Chapter 15 necessarily provides for the recognition of the laws of most nations, notwithstanding how different they may be from those of the United States. Even foreign laws that provide less protection or cause different outcomes than U.S. laws are imposed upon domestic creditors and other interested parties. See, e.g., In re ABC Learning Centres Ltd., 728 F.3d 301, 309–10 (3d Cir. 2013) (affirming the recognition of an Australian proceeding that allowed for concurrent receivership and liquidation pursuant to which secured creditors could immediately realize the value of their collateral and obtain a timing advantage not available under U.S. law). The provisions of Chapter 15 can also provide a way around often stringent jurisdictional requirements and foreign-judgment recognition laws applied by the U.S. district courts.

Accordingly, depending on the law of the country in which the main proceeding is commenced, domestic entities must be prepared for the impact on their rights in ways in which they would not be if U.S. law controlled. This should become a consideration for domestic and other entities with assets in the United States when extending credit, providing services, or otherwise doing business with multinational companies based abroad.
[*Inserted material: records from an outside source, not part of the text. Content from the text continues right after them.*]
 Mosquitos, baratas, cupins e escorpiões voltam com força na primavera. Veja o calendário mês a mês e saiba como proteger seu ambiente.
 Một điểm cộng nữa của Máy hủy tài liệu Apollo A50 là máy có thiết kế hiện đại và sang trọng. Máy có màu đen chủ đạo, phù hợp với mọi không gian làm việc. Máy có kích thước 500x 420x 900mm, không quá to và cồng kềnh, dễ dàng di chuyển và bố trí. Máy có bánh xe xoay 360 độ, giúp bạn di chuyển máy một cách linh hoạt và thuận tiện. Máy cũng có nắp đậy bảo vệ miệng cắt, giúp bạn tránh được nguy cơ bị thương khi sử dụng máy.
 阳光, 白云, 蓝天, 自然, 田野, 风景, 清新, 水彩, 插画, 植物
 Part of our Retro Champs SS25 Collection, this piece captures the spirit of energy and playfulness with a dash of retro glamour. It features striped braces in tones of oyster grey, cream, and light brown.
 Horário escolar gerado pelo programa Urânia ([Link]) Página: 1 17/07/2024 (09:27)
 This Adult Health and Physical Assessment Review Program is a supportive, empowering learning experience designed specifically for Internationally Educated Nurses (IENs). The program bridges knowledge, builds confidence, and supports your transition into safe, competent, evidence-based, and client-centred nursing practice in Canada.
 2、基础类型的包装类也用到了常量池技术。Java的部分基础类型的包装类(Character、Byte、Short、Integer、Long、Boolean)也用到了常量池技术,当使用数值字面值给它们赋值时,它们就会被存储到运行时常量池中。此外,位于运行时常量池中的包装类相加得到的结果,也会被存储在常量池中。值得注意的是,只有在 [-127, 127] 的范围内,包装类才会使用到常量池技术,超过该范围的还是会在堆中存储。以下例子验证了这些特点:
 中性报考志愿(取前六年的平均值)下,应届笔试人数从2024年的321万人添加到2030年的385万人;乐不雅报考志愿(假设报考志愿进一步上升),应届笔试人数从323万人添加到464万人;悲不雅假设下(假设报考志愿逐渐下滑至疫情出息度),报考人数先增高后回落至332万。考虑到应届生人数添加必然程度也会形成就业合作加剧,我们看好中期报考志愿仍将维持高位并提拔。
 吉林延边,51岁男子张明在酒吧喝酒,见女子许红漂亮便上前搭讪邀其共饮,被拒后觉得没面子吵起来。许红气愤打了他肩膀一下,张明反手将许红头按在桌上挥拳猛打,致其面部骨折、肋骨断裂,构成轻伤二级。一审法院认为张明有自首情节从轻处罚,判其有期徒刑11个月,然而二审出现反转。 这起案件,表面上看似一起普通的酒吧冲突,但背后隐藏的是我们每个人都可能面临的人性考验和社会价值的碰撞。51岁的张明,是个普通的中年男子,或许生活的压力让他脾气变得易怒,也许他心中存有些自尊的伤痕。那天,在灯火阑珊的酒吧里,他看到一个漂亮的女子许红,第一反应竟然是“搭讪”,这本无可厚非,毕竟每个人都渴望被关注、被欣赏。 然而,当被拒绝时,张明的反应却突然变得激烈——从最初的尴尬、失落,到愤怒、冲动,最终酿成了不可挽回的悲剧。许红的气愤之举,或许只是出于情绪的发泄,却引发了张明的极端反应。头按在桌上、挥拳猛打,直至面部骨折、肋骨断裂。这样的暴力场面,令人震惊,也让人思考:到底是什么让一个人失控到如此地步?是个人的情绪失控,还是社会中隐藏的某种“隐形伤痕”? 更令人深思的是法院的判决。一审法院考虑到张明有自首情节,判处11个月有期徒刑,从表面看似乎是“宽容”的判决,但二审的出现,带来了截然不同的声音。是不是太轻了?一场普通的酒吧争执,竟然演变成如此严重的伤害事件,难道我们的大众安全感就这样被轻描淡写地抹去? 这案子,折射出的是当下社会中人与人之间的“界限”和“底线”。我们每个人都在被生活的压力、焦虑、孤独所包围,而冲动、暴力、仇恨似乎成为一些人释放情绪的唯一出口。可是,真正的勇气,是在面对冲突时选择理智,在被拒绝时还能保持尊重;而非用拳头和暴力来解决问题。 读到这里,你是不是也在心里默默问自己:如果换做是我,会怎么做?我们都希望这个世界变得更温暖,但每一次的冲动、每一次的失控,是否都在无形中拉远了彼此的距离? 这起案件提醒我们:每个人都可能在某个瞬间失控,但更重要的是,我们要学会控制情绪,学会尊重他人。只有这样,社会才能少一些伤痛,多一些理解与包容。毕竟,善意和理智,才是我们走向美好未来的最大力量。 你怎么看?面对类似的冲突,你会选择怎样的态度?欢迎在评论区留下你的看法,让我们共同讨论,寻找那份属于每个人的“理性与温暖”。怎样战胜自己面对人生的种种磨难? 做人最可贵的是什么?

Chapter 15 went into effect on October 17, 2005. Although currently sparse, case law on the subject is steadily growing, which will further define the way bankruptcy courts apply Chapter 15. As the interconnectedness of the world grows, the use of Chapter 15 will undoubtedly grow as well. Although Chapter 15 can certainly be a more efficient method for multinational companies to administer cross-border insolvency cases, it can also have significant negative implications for domestic companies that may previously have been insulated from insolvency proceedings pending abroad.